After the 1957 season, Phillies management made it clear that they were looking for a new backup catcher for Lopata. He signed his new contract in January 1958, marking his 11th season with the Phillies. Throughout spring training, Lopata did daily exercises for his injured knee, trying to get it strong enough to hold up for the 1958 season. He got off to a slow start in the season, and by the end of May the fans had turned on their once local favorite. His woes continued on June 8 when Larry Jackson out of St. Louis hit Lopata in the head with a pitch. It was reported to not be serious, but he would not be released from the hospital until three days later on June 11. Lopata suffered yet another injury in July, playing in only seven games that month. He finished the season with a .248 average to go with 9 home runs and 33 RBI in 86 games. After the season ended, Lopata was asked to join Willie Mays' National League "All-Star" Team for an exhibition game against an American League All-Star team put together by Mickey Mantle in New York City.

==Milwaukee Braves and retirement==
In January 1959, Lopata signed a new contract with the Philadelphia Phillies, taking a pay cut. He played through spring training with the Phils, but ended up being traded to the Milwaukee Braves on March 31, 1959 along with Ted Kazanski and Johnny O'Brien for Gene Conley, Harry Hanebrink, and Joe Koppe. Lopata was initially very optimistic about the move. He said his knee was strong again, and was looking forward to playing in front of the "friendly crowds in Milwaukee." However, it failed to pan out. Lopata was used sparingly throughout much of the season, failing to get a single hit until July 16. He finished the season with a .104 average in just 48 at-bats. On October 26, Lopata was officially released by the Braves.

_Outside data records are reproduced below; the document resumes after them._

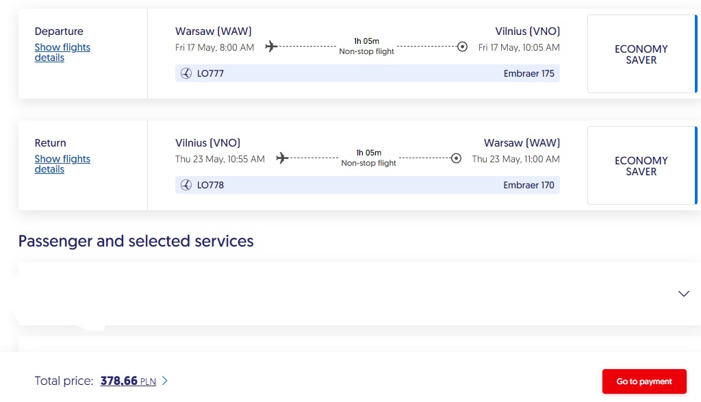 Варшава – Вільнюс – Варшава (17.05.2024 – 23.05.2024) – €87
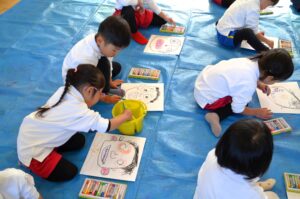 「ぼくの絵、あった!」「年長のお兄さんたちの顔、すごかった!」「明日、お母さんに説明しなきゃ!」と明日、お家の方と一緒に見るのがみんな楽しみのようです。
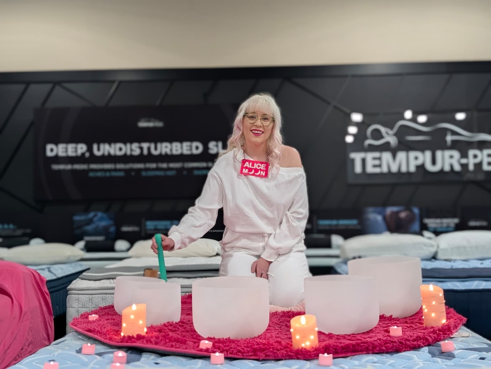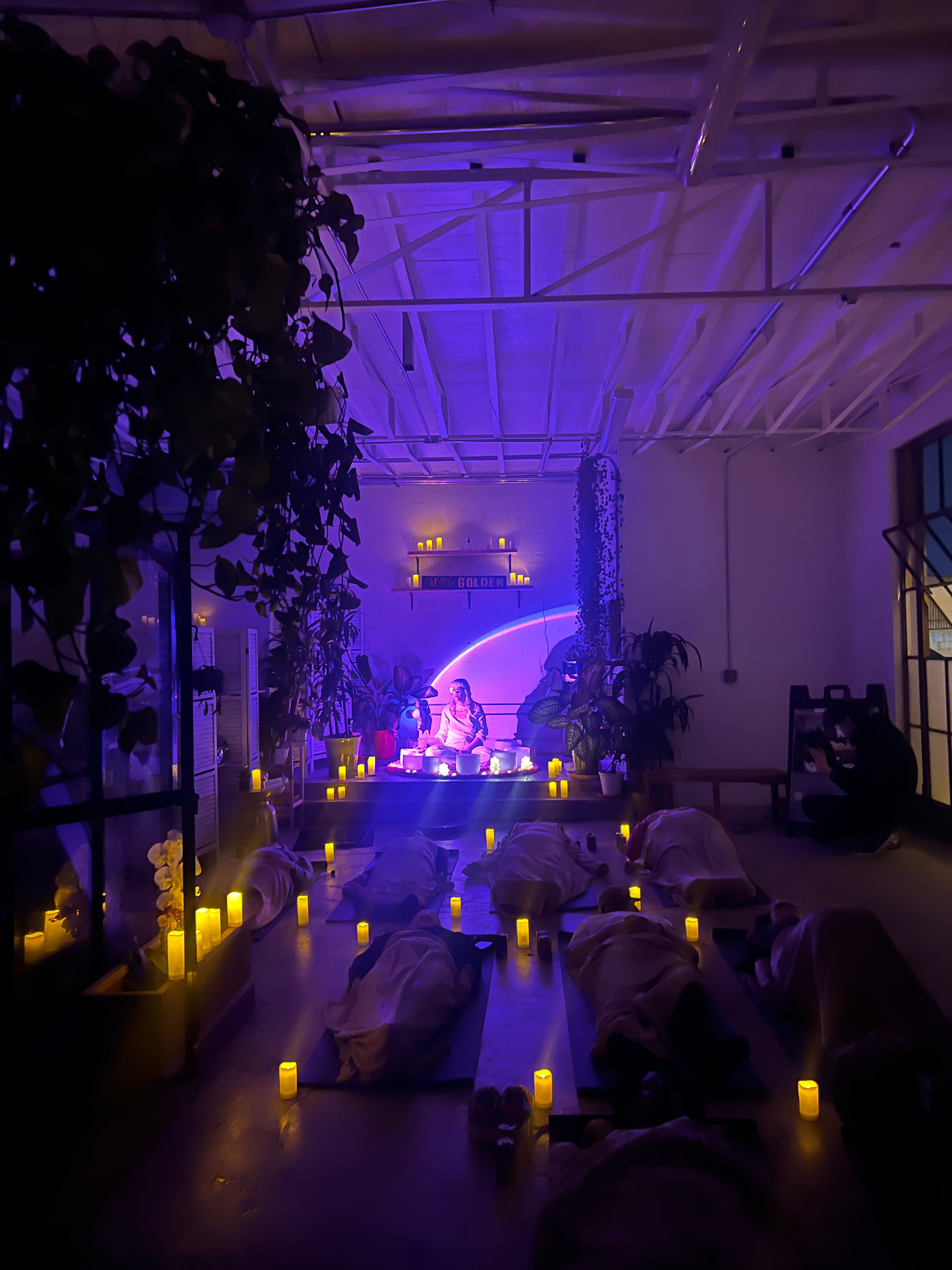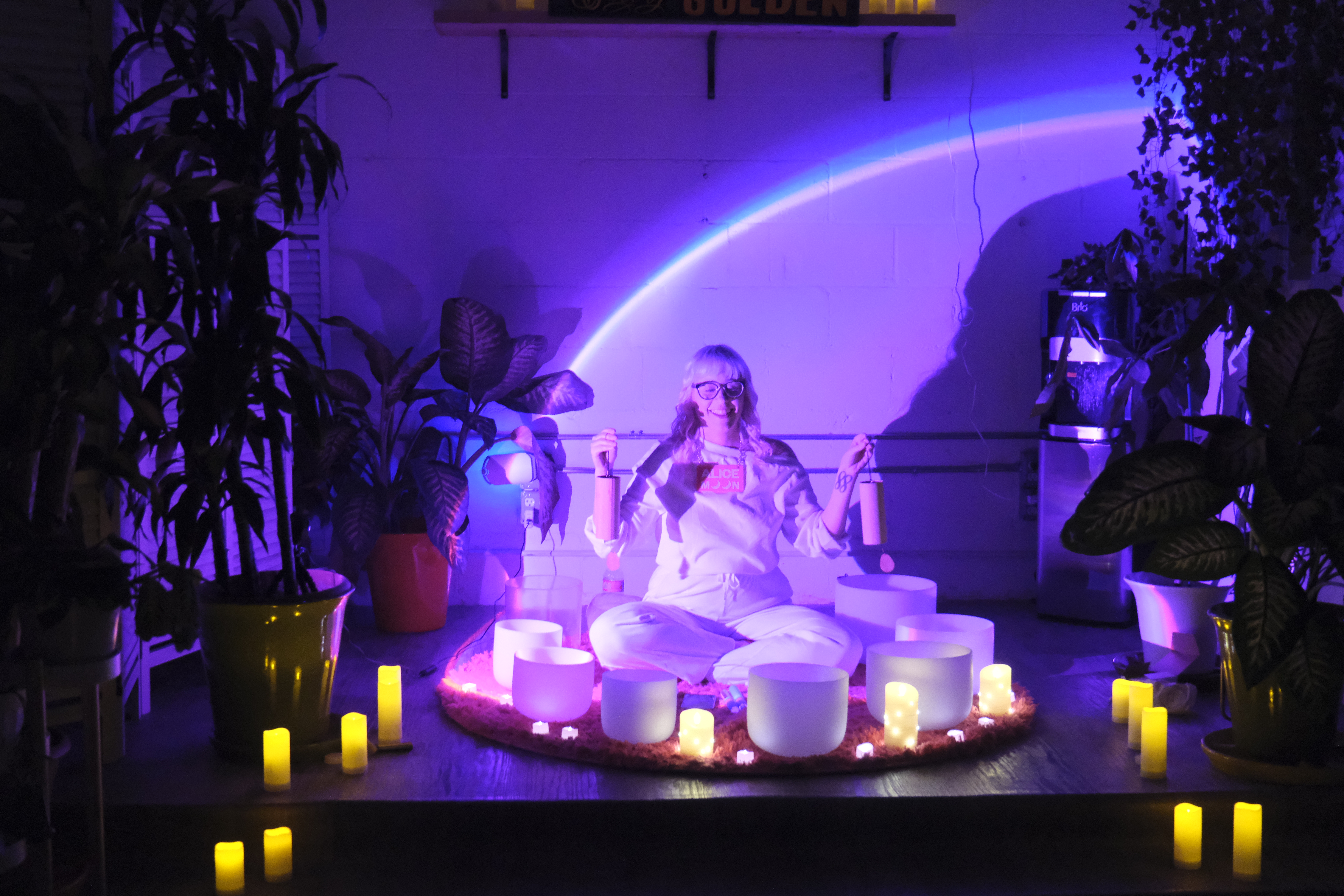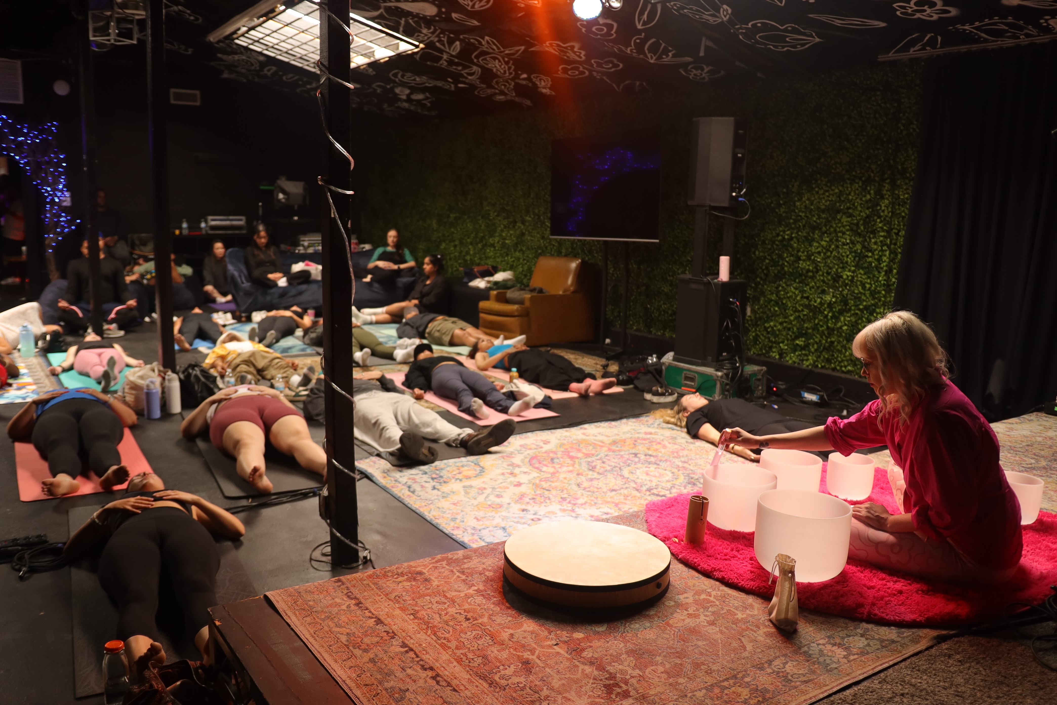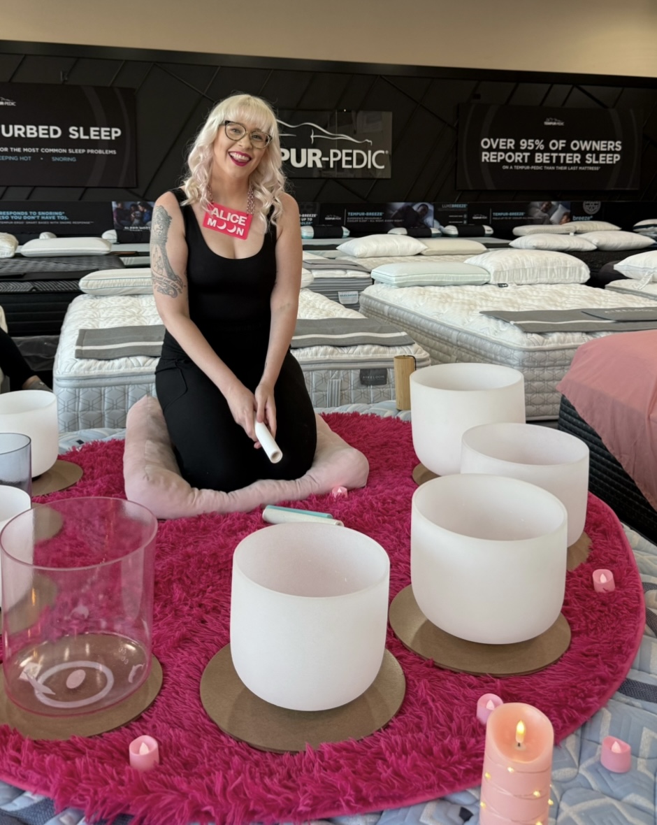 Alice Moon has performed sound baths at a variety of venues and events including a mattress store in Atwater Village, a venue in West Adams, retreats held at private homes, and corporate wellness days. Here’s some photos of Alice Moon in her sound bath element to get an idea of the vibe she brings.

The Braves agreed to bring back Lopata for the 1960 season by having him sign a contract on February 9. Manager Charlie Dressen immediately designated him as the second string catcher behind starter Del Crandall. Dressen had faith that Lopata's 1959 season was an aberration and not a trend, adding that he would try to get Stan into more games that season. He hit well in spring training, including a walk-off home run against the Reds in the bottom of the 12th inning on April 6 in Jacksonville, Florida. In the regular season, however, Lopata only appeared in 7 games for the Braves before being optioned to the minor league Class AAA Louisville Colonels of the American Association. He hit .246 with 12 home runs and 28 RBI in 55 games for the Colonels. Lopata received one more call up to the majors on September 12, but he did not play in any games and was soon sent back to Louisville. Lopata's final professional game ended on a high note, as he helped Louisville win the "Little World Series" 5–1 against Toronto of the International League. Lopata received his unconditional release from the Braves on October 14, bringing his professional career to a close at the age of 34.

==Playing style==
Lopata had an "extreme crouch" at the plate, according to New York Giants star pitcher Sal Maglie. This made his strike zone "awfully small," in Maglie's words.

==After baseball==
On June 3, 1969, the 1950 National League Pennant Winning Philadelphia Philliles, nicknamed the "Whiz Kids", had an exhibition game against a local team. Lopata batted cleanup, hitting a home run in the first inning. The Whiz Kids were victorious 10–1.

After his professional baseball career was over, Lopata made a living by working at a steel plant in Dearborn, Michigan, later moving back to Philadelphia to work as a salesman for IBM. He later worked for a concrete company in Philadelphia, retiring as vice president of sales. In 1988, Lopata was inducted into the Pennsylvania Sports Hall of Fame, and nine years later, on June 12, 1997, he was also inducted into the National Polish American Sports Hall of Fame.

==Personal life==
Lopata married Betty Kulczyk, who lived in the next block in Detroit, on October 25, 1947. Stanley and Betty had seven children, 16 grandchildren, and eight great-grandchildren In July 1949, Stan went on a brief bereavement from the ballclub when the front office notified him that he had become a father. Lopata died of heart complications on June 15, 2013, at the University of Pennsylvania Hospital.